Mekanlari cennet olsun Annenizin Babanizin büyük abinizin nurlar icinde yatsinlar.
cok icten cok dogal bir anlatim.
yüreginize saglik sevgili ZERRE bu yazinin her bir zerresi huzur ve güzellikti.
sonsuz sevgimle
yüreğin kalemin dert görmesin dost.
bu yazıyı geç okuduğuma üzüldüm...bir yandan da ramazan ayında okuduğum için sevindim...sayenizde yeniden keyifli bir yolculuk yaptık geçmişe...eminim ki okuyan herkes kendiden de birşeyler serpiştirmiştir yazdıklarınızın arasına görünmeyen...
ben sizin yazılarınızı okuduğumda hep aile özleminizi dile getirdiğinizi görüyorum herkes gibi...ve insanın yaşamında çocukluk döneminin ne kadar önemli olduğunu yeniden anlıyorum ...ben de çok özlüyorum çocukluğumu...

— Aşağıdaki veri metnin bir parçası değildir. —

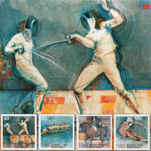 Znaczki promujące igrzyska olimpijskie w Barcelonie i zimowe igrzyska olimpijskie w Albertville.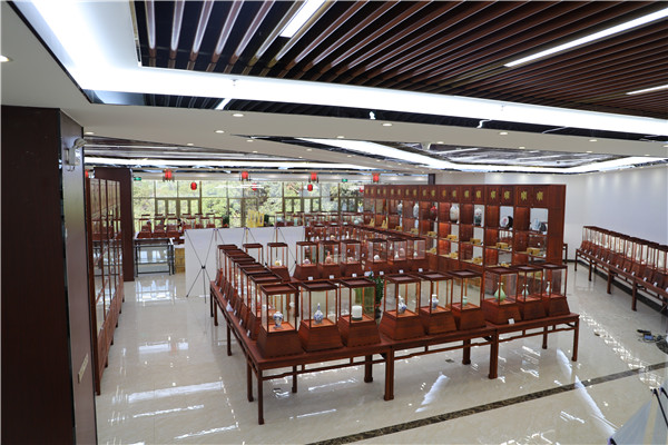 值得重點(diǎn)介紹的是,在珍品陳列區(qū),有不少原全國(guó)人大常委會(huì)副委員長(zhǎng)李鐵映同志親自創(chuàng)作的工藝美術(shù)品。一是“鐵映十八式紫砂”,是李鐵映先生自身藝術(shù)文化修養(yǎng)的結(jié)晶。他以青銅、古玉等重器國(guó)寶為模,以詩(shī)詞、文論為識(shí),以宜興獨(dú)有的紫砂材質(zhì)和豐富的工藝手段,吸取中國(guó)各種傳統(tǒng)工藝的特點(diǎn),創(chuàng)意了具有民族特色的簡(jiǎn)潔古雅的紫砂新藝術(shù),精妙構(gòu)思,博觀約取,歷數(shù)年制成。2010年元月,李鐵映先生將“鐵映十八式紫砂” 捐贈(zèng)一套給國(guó)家博物館。二是限量仿制清宮琺瑯彩瓷?,m瑯彩瓷創(chuàng)燒于康熙,興盛于雍正、乾隆兩朝,之后便沉潛史海,難覓芳蹤。李鐵映先生得知后,高度重視,數(shù)度深入相關(guān)博物館和景德鎮(zhèn)院校、企業(yè)調(diào)研,組織成立“紫玄琺瑯瓷研究室”,確立了“發(fā)掘保護(hù)、繼承發(fā)展”的指導(dǎo)思想,提出“仿古不泥古,仿清更超清”仿制要求,經(jīng)過(guò)成百上千次的反復(fù)試驗(yàn),最終成品,既具有清代康雍乾琺瑯彩瓷的藝術(shù)品味和精神風(fēng)貌,但在材質(zhì)、工藝、技術(shù)等方面有所超越,可以說(shuō),每件作品都能集工藝價(jià)值、文化價(jià)值、歷史價(jià)值、藝術(shù)價(jià)值于一身。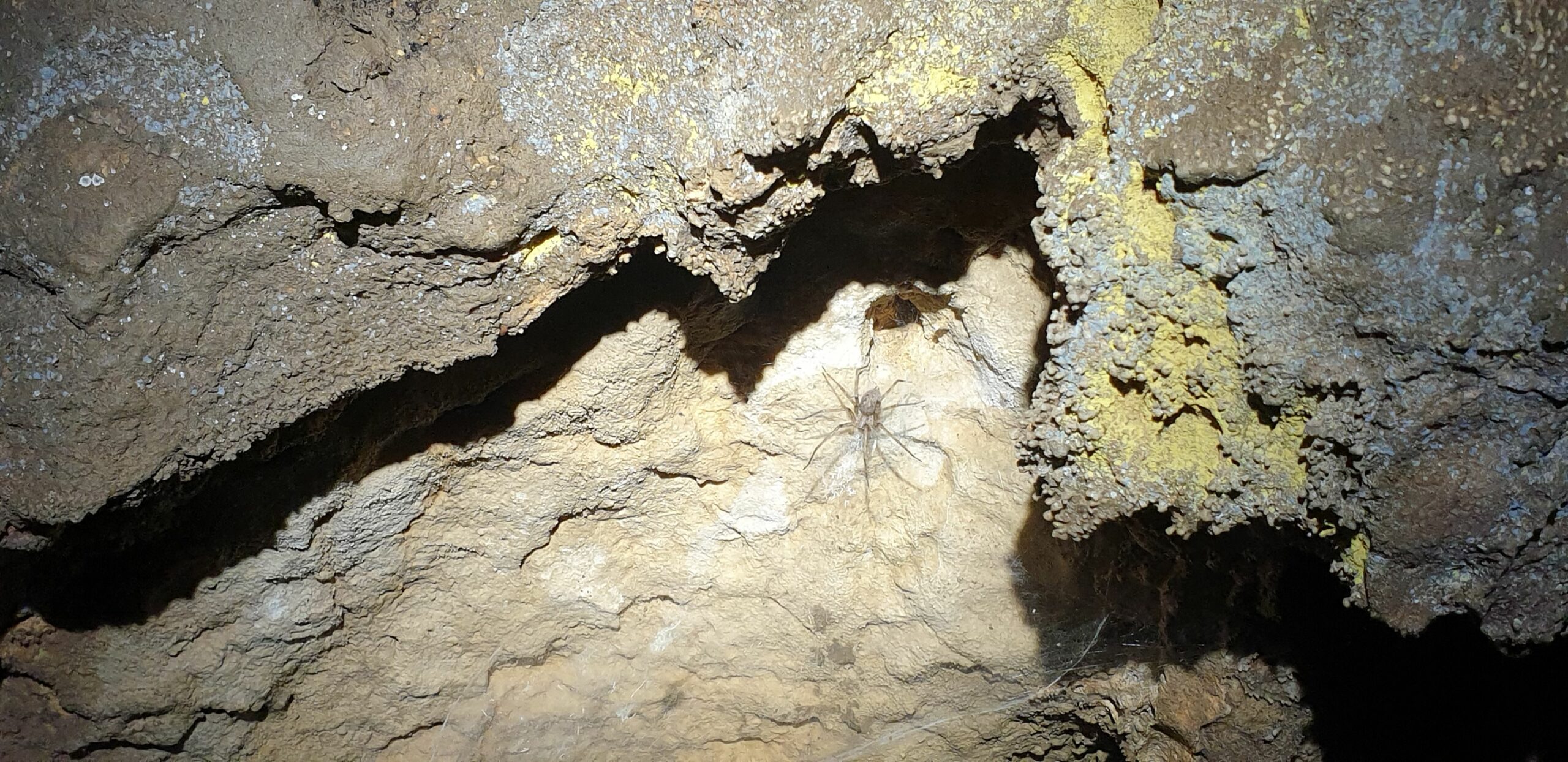 de nombreuses toiles d’araignées tapissant les bordures, avec parfois une araignée (une tégénaire), une de ces toiles a même capturé une petite stalactite qui était tombée du plafond !

değişen bir şey yok aslında...ramazan yine ramazan...yüreklerde aynı heyecan...yemek hazırlıkları telaşı yine hassasiyetini koruyor özenle hazırlanıyor sofralar...davulcu davulunu çalıyor bizler için...değişen nemi?

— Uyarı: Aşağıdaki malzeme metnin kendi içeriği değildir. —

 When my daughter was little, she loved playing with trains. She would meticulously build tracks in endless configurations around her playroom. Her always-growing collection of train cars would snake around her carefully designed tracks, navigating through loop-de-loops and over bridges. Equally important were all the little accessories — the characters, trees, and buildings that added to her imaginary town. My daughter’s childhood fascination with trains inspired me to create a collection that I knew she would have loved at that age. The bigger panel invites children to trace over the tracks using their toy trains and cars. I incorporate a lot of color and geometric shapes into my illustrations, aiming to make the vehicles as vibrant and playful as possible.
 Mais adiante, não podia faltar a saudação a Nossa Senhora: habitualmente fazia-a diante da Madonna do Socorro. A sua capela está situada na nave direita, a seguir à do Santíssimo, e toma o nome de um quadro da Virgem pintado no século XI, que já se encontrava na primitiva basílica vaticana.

canımızdan kopan canlar...değişen bizim artık büyümüş olmamız ...çocukluğumuzdaki pembe gözlükleri çıkartmış kötülükleri görebiliyor olmamız...
iyilik ve kötülük kötü insanlar ve iyi insanlar her daim olacak yaşamın kuralı bu...
biz büyüyelim amma çocuk kalbimiz kalsın yüreğimizin bir köşesinde
mevsimsiz_yağmur tarafından 8/25/2009 12:52:54 PM zamanında düzenlenmiştir.
İlk tuttuğum oruç geldi aklıma.. Sene kaç hatırlayamayacağım, yaş kaç bilemeyeceğim.. O kadar küçüktüm yani.
Gecenin bir vakti evimizde takırtılar oldu, uyandım. Baktım ki; annemle babam uyanıklar, sofra hazırlıyorlar ve bir yandan da mis gibi çay doldurmuşlar, ince belli yandan kulplu çay bardaklarına..
Ev, mis gibi taze köfte kızartması kokuyor.. Anneciğimin önlüğü önünde, elinde delikli kocaman kaşık ve ver ha çeviriyor tavada pişirdiklerini.. Aşırmak işten bile değil.. Aniden acıkıyorum gecenin kör karanlığında..
Lamba bile kör, kırk mumluk belki değeri ışığının.. Bir loşluk, bir huzur, bir dinginlik.. Sanarsınız Asude Diyarlarda hayal görüyorum.
Hayretle bakındım sağa, sola, evin her yanını dolaştım.. Evimizde başka kimse yok. "Misafir mi bekliyorlar, acaba" geçti içerimden de sordum melül melül kırpıştırarak gözlerimi:
*- "Mifafil mi geliyol anneciğim, babacığım? Safat kaç? Kalanlıkta niye sofla hasıllayıp, çay içiyolsunus gisli gisli. Bana felmüycek müsünüs, benü sefmüyol musunus" demişim (Annem anlatıp anlatıp gülerdi yakın tarihimize kadar, babamı kıskançlığımdan).*
- "Yarın oruç tutacağız, sahura kalktık" dedi, annem.
Babam:
- "Büyüyünce sende bizimle beraber kalkıp, oruç tutacaksın" dedi.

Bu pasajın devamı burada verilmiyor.